In particular he loved Islamic art, and saw a big
show of it in Munich on his way back from
Moscow in 1910. One of the results of a fusion
of Islamic art with pattern is the painting The
Red Studio, 1911.
By 1919 Matisse had become an internationally
known master. His style at that time was
characterized by the use of pure colors and their
complex interplay (harmonies and contrasts); the
two-dimensionality of the picture surface
enriched by decorative patterns taken from
wallpapers, Oriental carpets, and fabrics; the human figures being treated in the same manner
as the decorative elements. The goal of Matisse's art was the portrayal of the joyful living in
contrast to the stresses of our technological age.

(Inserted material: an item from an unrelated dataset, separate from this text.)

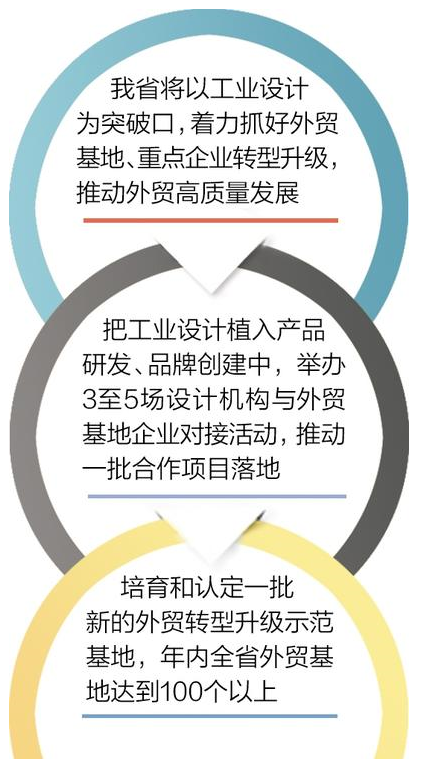 从3月14日召开的全省外贸进出口工作暨外贸企业“双创双服”工作培训会上获悉,今年,我省将以工业设计为突破口,着力抓好外贸基地、重点企业转型升级,推动外贸高质量发展。把工业设计植入产品研发、品牌创建中,举办3至5场设计机构与外贸基地企业对接活动,推动一批合作项目落地,培育和认定一批新的外贸转型升级示范基地,年内全省外贸基地达到100个以上。

From the 1920s until his death, Matisse spent much time in the south of France, particularly
Nice, painting local scenes with a thin, fluid application of bright colour.
In 1941 Matisse had an abdominal cancer surgery which had a devastating effect on his health
and ability to paint. He was unable to stand upright in front of an easel. The artist therefore
turned to another form of artistic expression. He created paper cut-outs in the same vivid,
strong colours and daring compositions known from his paintings. He had an assistant and
could work lying in bed or sitting comfortably in an arm-chair.
Henri Matisse died on November 3, 1954 in Nice and unlike many artists, he was
internationally popular during his lifetime, enjoying the favour of collectors, art critics, and
the younger generation of artists. He had continued creating paper cut-out works until the day
of his death. Pablo Picasso once said about the artist:
"All things considered, there is only Matisse".
Matisse's work reflects a number of influences: the decorative quality of Near Eastern art, the
stylized forms of the masks and sculpture of Africa, the bright colours of the French
impressionists, and the simplified forms of French artist Paul Cezanne and the cubists.
Quotes by Matisse
"I have always tried to hide my efforts and wished my works to have the light joyousness
of springtime, which never lets anyone suspect the labours it has cost me."
"In modern art, it is undoubtedly to Cezanne that I owe the most."
"A colourist makes his presence known even in a single charcoal drawing."
"The essential thing is to spring forth, to express the bolt of lightning one senses upon
contact with a thing. The function of the artist is not to translate an observation but to
express the shock of the object on his nature; the shock, with the original reaction."